У Смирнова виновато забегали по сторонам глаза.
— Третий, — Пермяков взглянул на Чечулина, и тот, чувствуя, что речь пойдет о нем, полуотвернулся и с невинным видом почесал щеку, — терпел, терпел за этих двух и бахнул завалку без прогрева. Остальное вы сами знаете: чуть не до драки дошло.
Пермяков достал из кармана листок бумаги, испещренный цифрами, и показал сталеварам, сколько тонн стали недодал каждый по своей вине и по вине сменщика.
У окна вздохнула Анна Петровна, внимательно следившая за беседой. Чечулин невольно оглянулся: почудилось, будто Анна Петровна стоит за его спиной.

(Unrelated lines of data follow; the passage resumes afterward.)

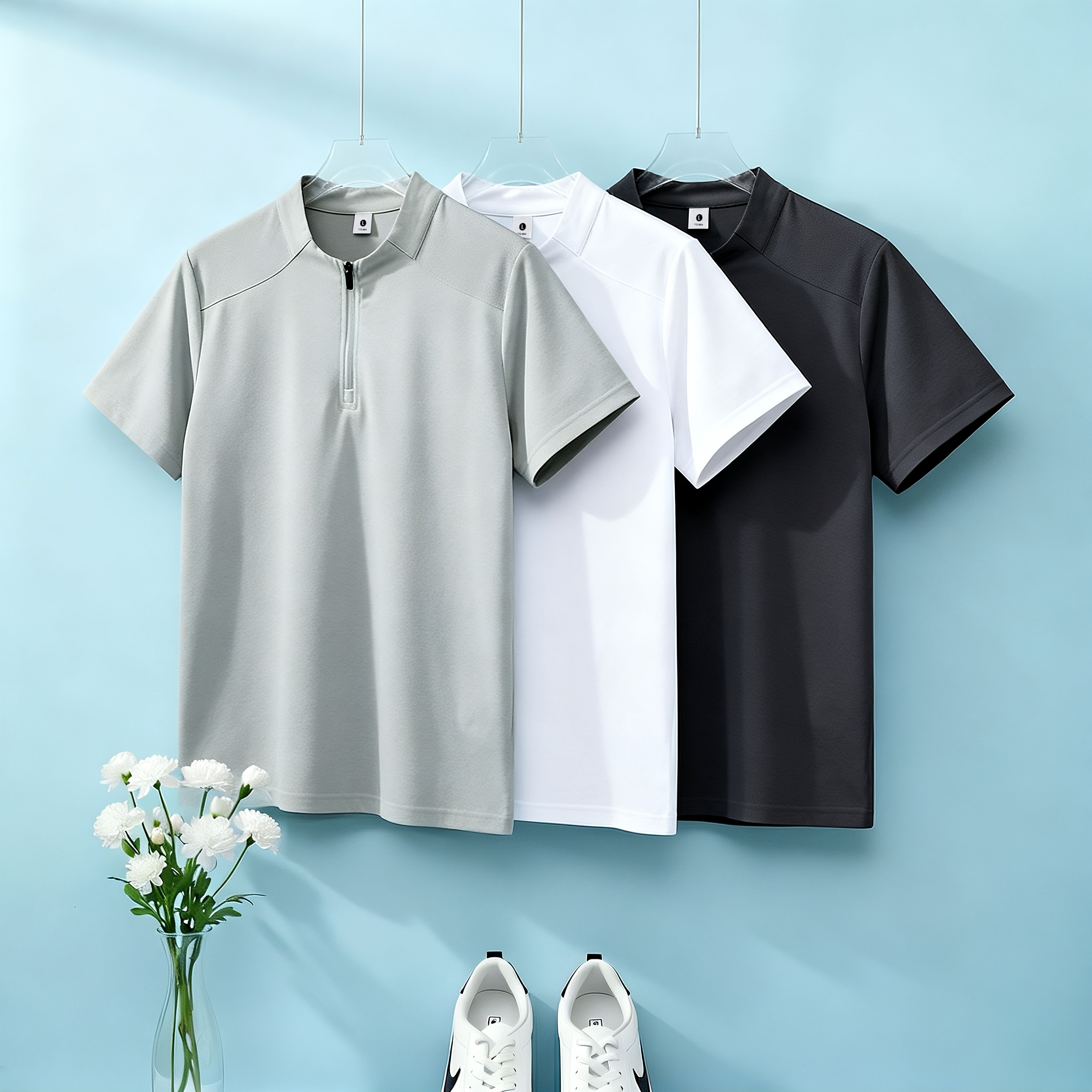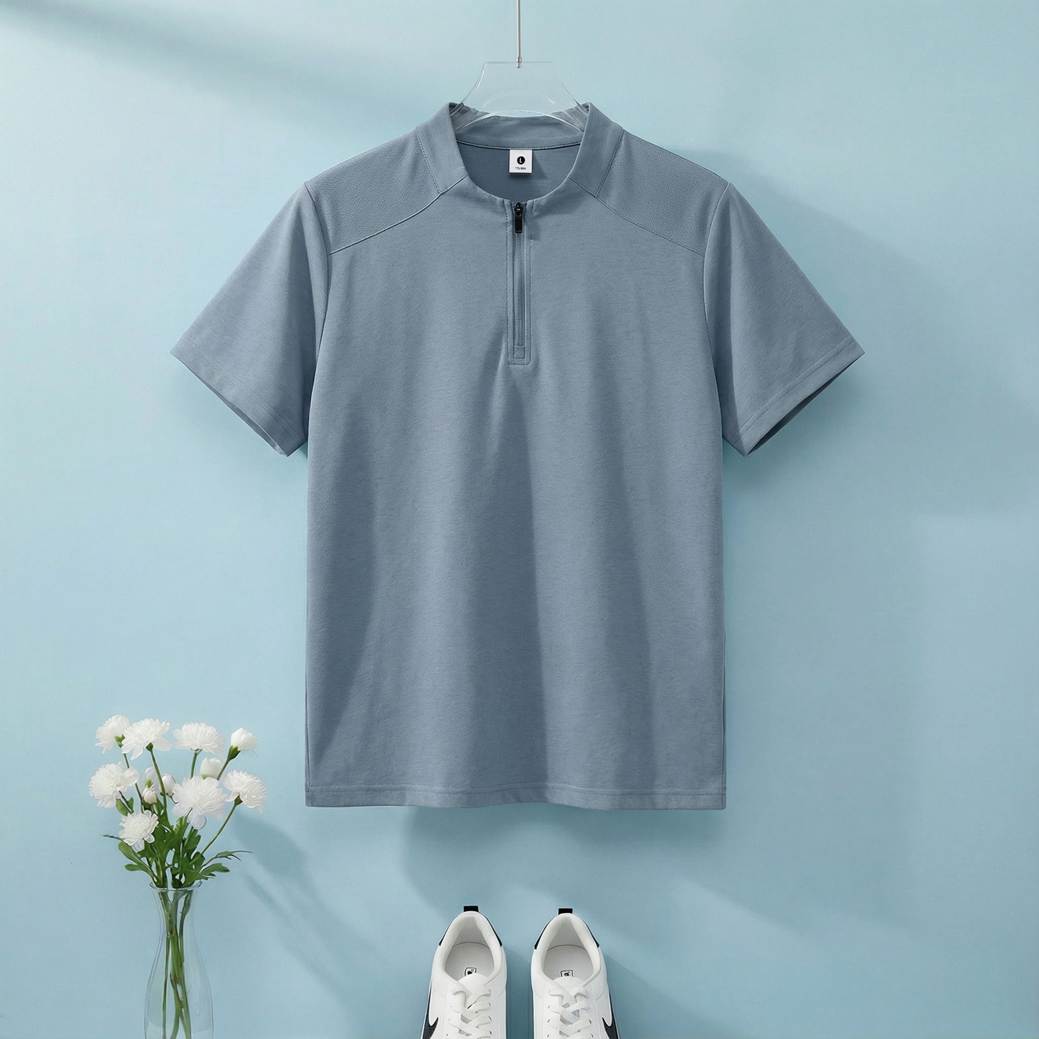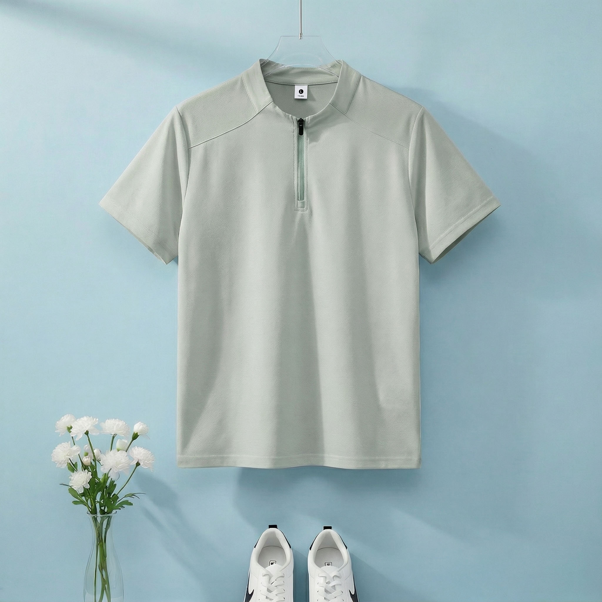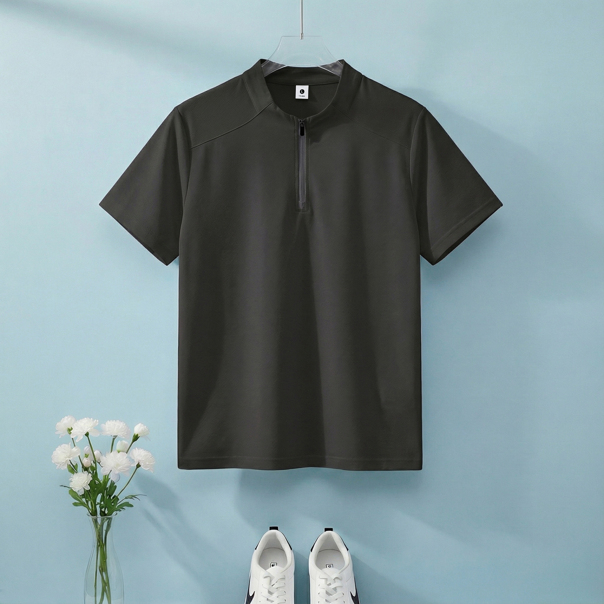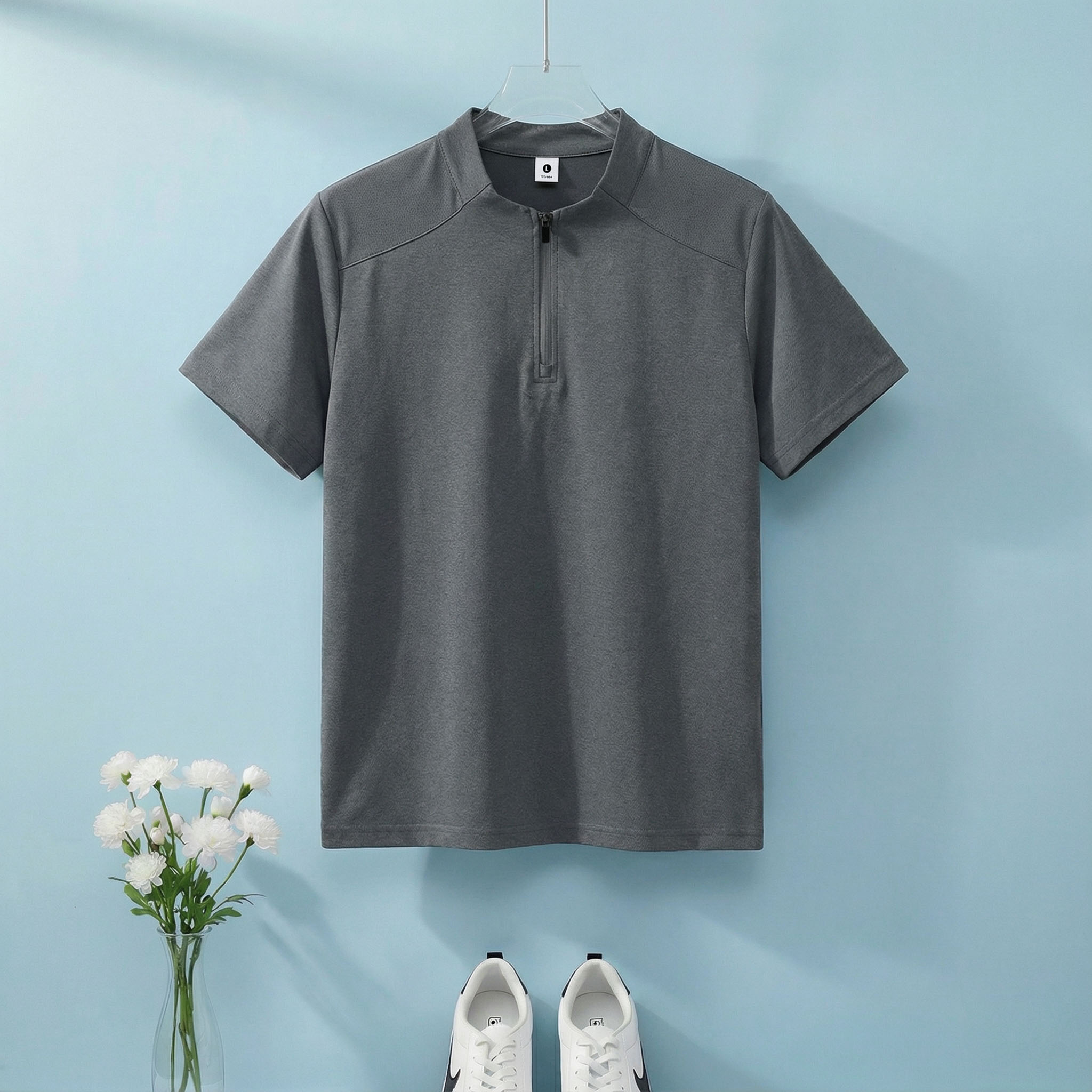 높은 품질 면 말 상 주름 속도 건조한 수분 흡수 땀 배출 스탠드 칼라 지퍼 편안함 통기성 트렌디 에디션 루즈핏 반팔 남자 티셔츠
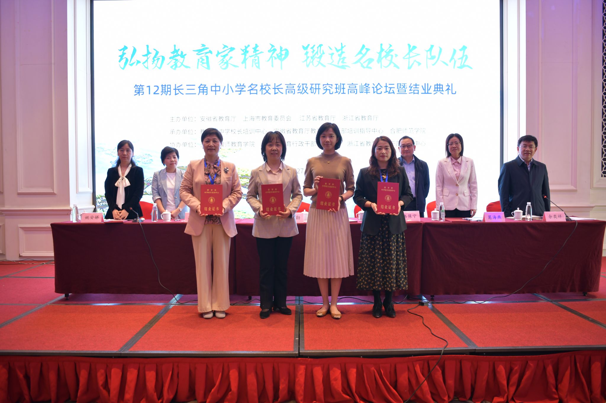 10月25日至27日,由安徽省教育厅、上海市教育委员会、江苏省教育厅、浙江省教育厅主办的第12期长三角中小学名校长高级研究班高峰论坛暨结业典礼在我院举行。论坛以“弘扬教育家精神 锻造名校长队伍”为主题,皖沪苏浙教育厅(教委)相关负责同志出席活动。安徽省教育厅副厅长刘业勋到会讲话,我院副院长周端明在开幕式致辞。
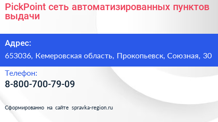 PickPoint, сеть автоматизированных пунктов выдачи по адресу 653036, Кемеровская область, Прокопьевск, Союзная, 30 в дальнейшем Организация, размещена в следующих категориях:
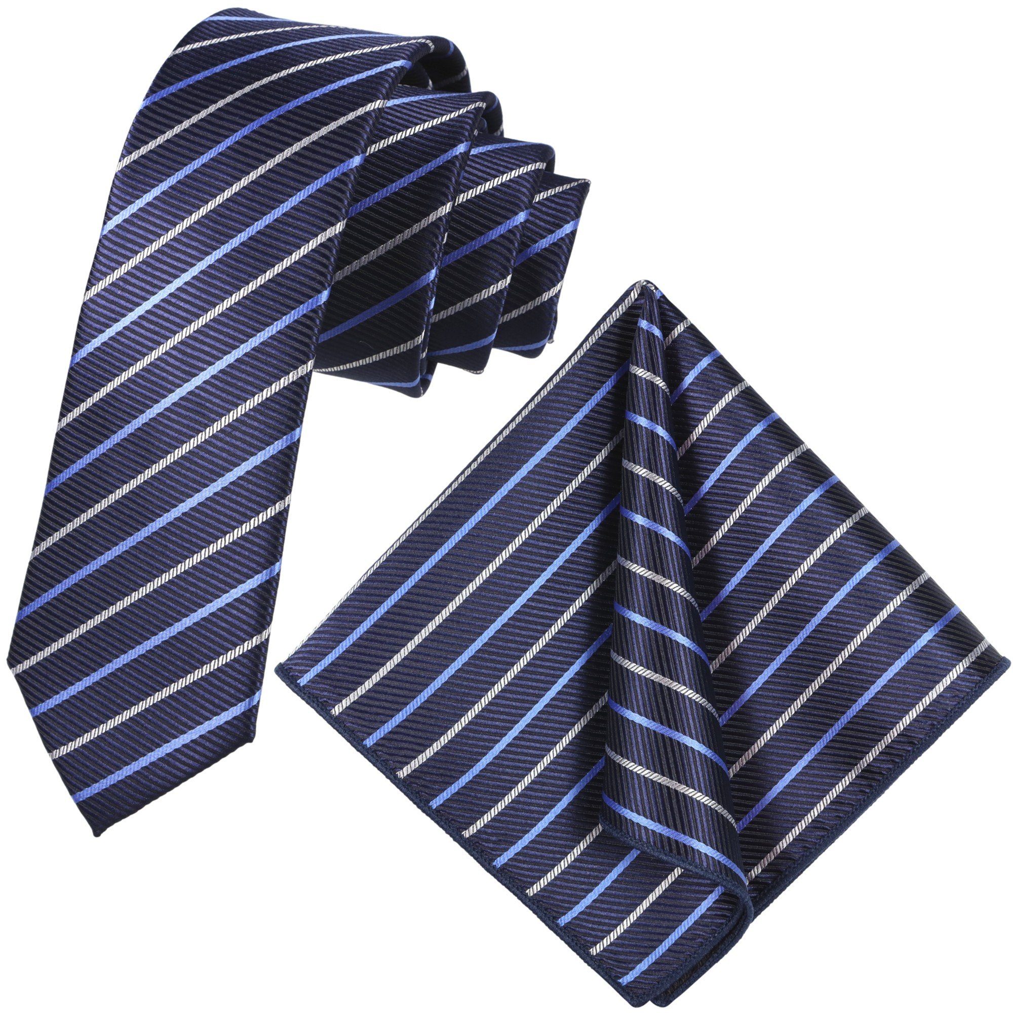 Stylische Streifen-Krawatten-Sets mit passendem Einstecktuch, in edlen Farben und eingewebtem Dekor, verwandeln das Outfit in einen feschen Look und die Garderobe erhält eine ganz besondere Note aus längst vergangenen Tagen.
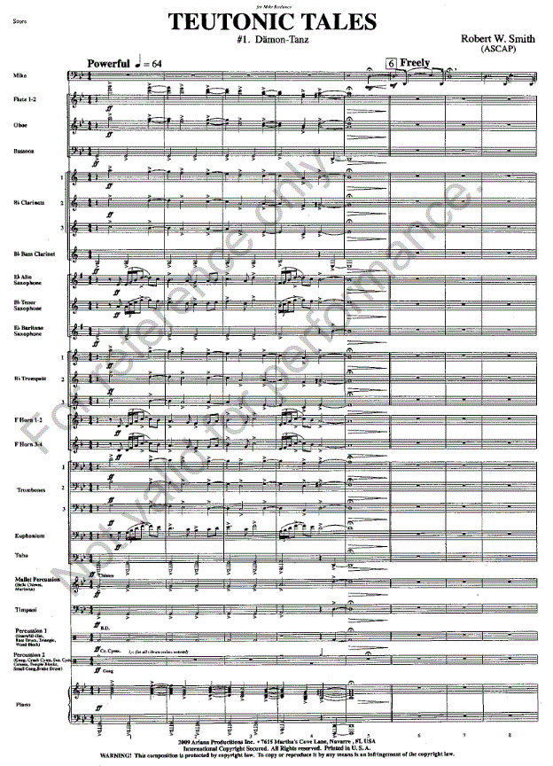 Otros detalles/contenidos Band accompaniment for Movement 1 of Robert W. Smith's "Teutonic Tales" for solo tuba. The band parts are reproductions of the composer's original working parts.
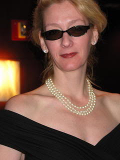 JR Ward, creator of trash-talking, super-pumped, highly sexed, killing machines. Would she wear shit-kickers like the brothers? Black leather pants and a nice collection of tats? I almost fell out of a chair when I saw her bleached-blond hair in a bun, strands of pearls around her neck, and some sunglasses straight out of Risky Business. Because nothing says "I'm a bad-ass urban fantasy writer" more than pearls, right? Her elegant country-club attire makes her look like a model for a Talbot's catalogue.
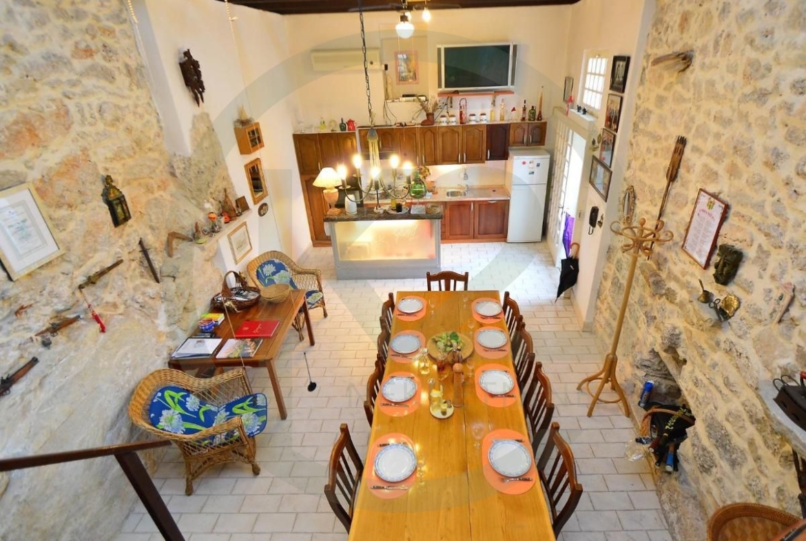 Kuće su izvedene i podijeljene u dva zasebna objekta te se u jednom nalaze tri spavaće sobe i dvije kupaonice, dok se u drugom objektu nalazi prostrana kuhinja i blagovaonica za smještaj 12 osoba.
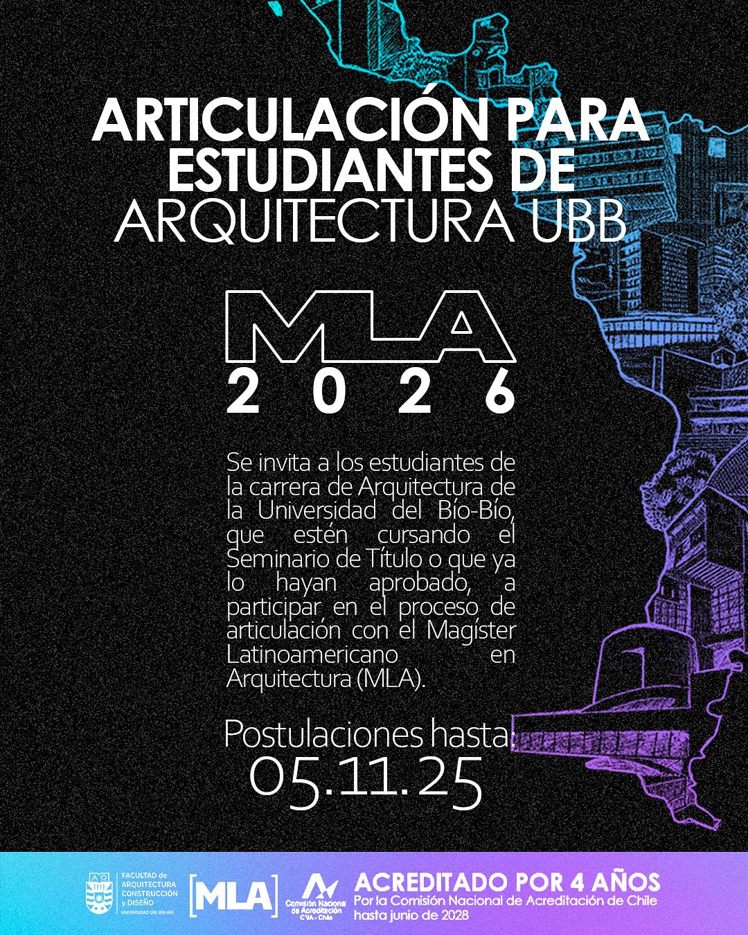 Se invita a las y los estudiantes de la carrera de Arquitectura de la Universidad del Bío-Bío, que se encuentren cursando el Seminario de Título o que ya lo hayan aprobado, a participar en el proceso de articulación con el Magíster Latinoamericano en Arquitectura (MLA).
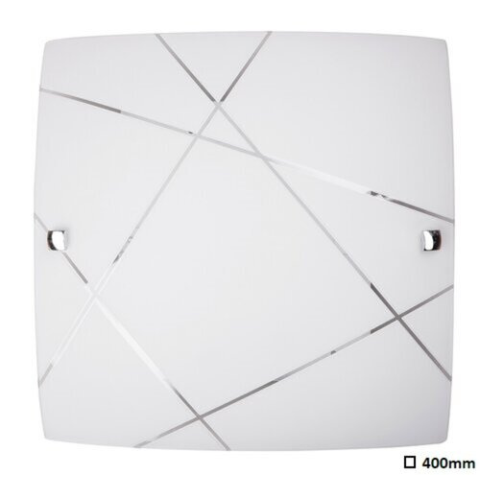 Modern megjelenésű mennyezeti lámpa, 40 x 40 cm-es méretben, fém szerkezettel, fehér színű, vonal mintás, vastag opálüvegbúrával. 2 db E27-es foglalatban maximum 2x 60W teljesítményű, halogén vagy LED fényforrásokkal is használható...
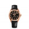 The 18K red gold 41.5 mm case is presented on a brown leather strap. This certified chronometer is powered by the OMEGA Master Co-Axial calibre 8501 which is resistant to magnetic fields greater than 15,000 gauss and can be seen through the transparent caseback.
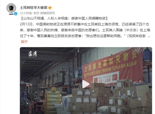 2月15日,土耳其驻华大使馆通过官方微博发文,感谢中国人民捐赠物资。
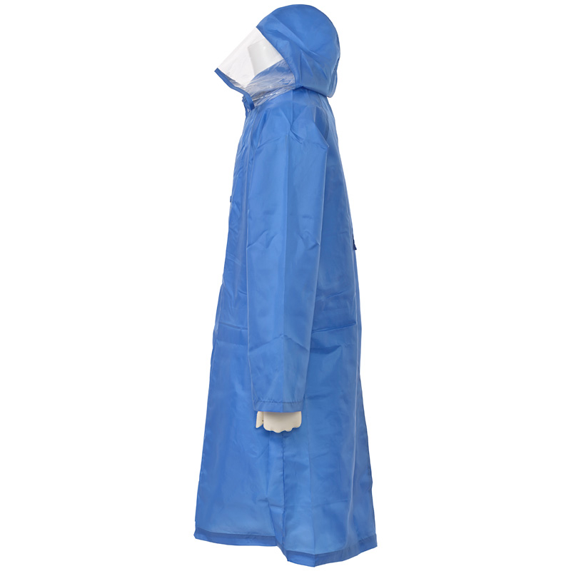 フードには透明ひさし、背中には反射材を使用し安全性にも考慮しております。
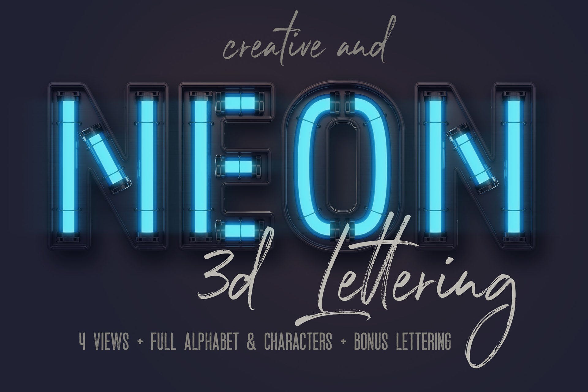 带有霓虹灯+额外图形的未来风格3d字母-视角1

— Почему это получается? — назидательно продолжал Пермяков. — Во-первых, политической сознательности у вас мало, во-вторых, дружбы нет. Вот на фронте крепко люди дружат. Все за одного — один за всех. Жизни своей за товарищей не жалеют. А ведь люди те же самые. Завтра, может быть, и вы там будете. Так почему же то, что возможно там, невозможно здесь? Государство отдало вам печь, и работайте на ней дружно.
— А может… — Смирнов осекся.
— Говори, говори, Ваня, — подбодрил его Пермяков.
— Может быть, нам от этих самых баллов отказаться? В общую копилку все складывать и процент всем считать одинаковый, общий от печи. Тогда каждый не о себе будет думать, а о товарищах и о печи.
— Не о баллах, а о тоннах, — уточнил Пермяков.
— Вот именно, — с жаром подхватил Бурой. — А то баллов много, а тонн мало.
— А не влетит? — встревожился осторожный Чечулин. — Ведь это приказ наркома — по баллам распределять.
— Как сказать, — раздумчиво ответил Пермяков. — Пойдет дело хуже — влетит. Но, я думаю, будет лучше. Тогда обойдется. Наркому ведь тоже нужны не баллы, а тонны.
Анна Петровна внесла самовар, стала разливать чай.
Придвинув к себе стакан, Пермяков начал делиться сокровенными мыслями: хочет, чтобы их печь была в цехе ведущей, чтобы на нее остальных равнять можно было. Бывает, такую печь начальство организует. Выберут лучшую печь, дают ей лучшую шихту, оберегают от всяких задержек — словом, создают условия. И что получается? Одна печь впереди идет, а другие за ней подтянуться не могут. Да еще нареканий не оберешься. Если же они на первое место выйдут — сразу все поймут почему: изнутри идет, от дружбы. Какая другим наука будет!